Benefits of a Cash-Out Refinance

A cash out refinance is a financial transaction in which a homeowner can use their existing mortgage to borrow money. That is, you increase the loan amount to pay off the debt of your mortgage plus add the amount that you would like to have in hand.  For example, if you owe $100,000.00 on your mortgage and you want to take out $50,000.00, your new loan amount would be $150,000.00.  The homeowner can either open up a home equity line of credit (or HELOC), or refinance an existing home mortgage. Below you will find a few benefits.

Consolidate Debt With Cash Out Refinance

When credit card balances, medical expenses, educational loans, IRS back taxes, or other financial obligations become a large burden a debt consolidation loan or cash out refinance may be the right solution. With cash-out refinances a homeowner will get the funds they need to pay off their financial obligations and roll it into the monthly mortgage payment.  The payment becomes one monthly payment instead of multiple payments.

Cash To Spend As You Need

A cash-out refinance or HELOC loan allows a homeowner to also take cash out of your property's equity and spend for repairs to property or most any other purpose.  A homeowner can receive a lump sum amount to allocate as necessary.  With a HELOC loan, a homeowner can either take one lump sum or as little as necessary.  A lender will provide the homeowner with a credit charge against their credit line.  The credit card limit will be their loan amount and a borrower is expected to pay the minimum monthly payment.  HELOC loans work are a little differently because their rates tend to be a little higher and the rates tend to be Adjustable rates. 

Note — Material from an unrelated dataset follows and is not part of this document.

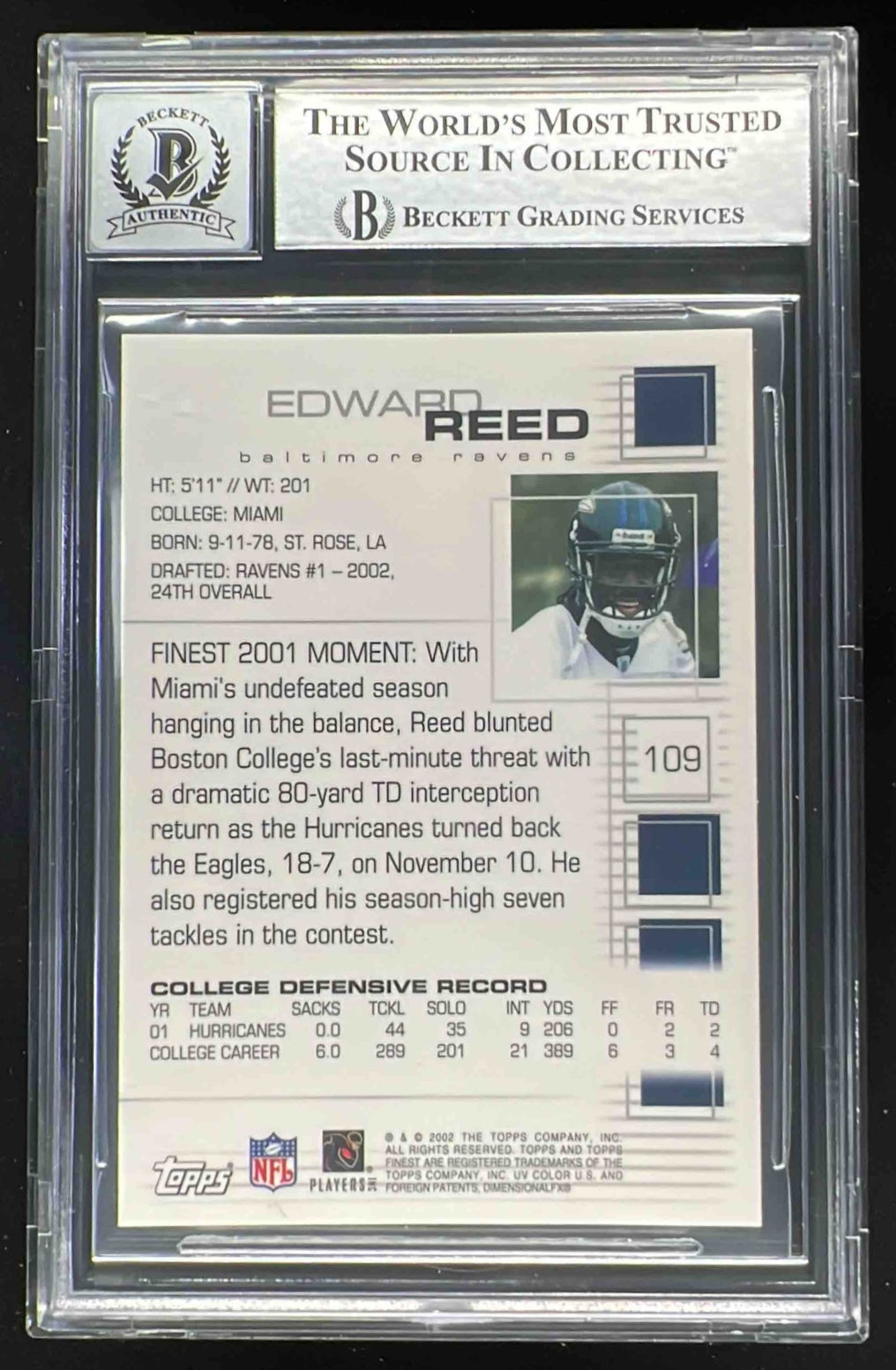 2002 Topps Finest #109 Ed Reed RC Autograph Auto BGS Authentic

Better Mortgage Rates And Terms

It may also be possible to refinance and obtain improved mortgage terms.  In addition to taking cash out of their property, it is possible for a homeowner to renegotiate their terms and subsequently lower their interest rate.  Additionally, many homeowners have improved their credit ratings and are able to access lower rates and fees because of their credit. As an added bonus,  a borrower may be able to not only get cash-out, but also build a better loan with a low interest rate and more favorable terms and conditions.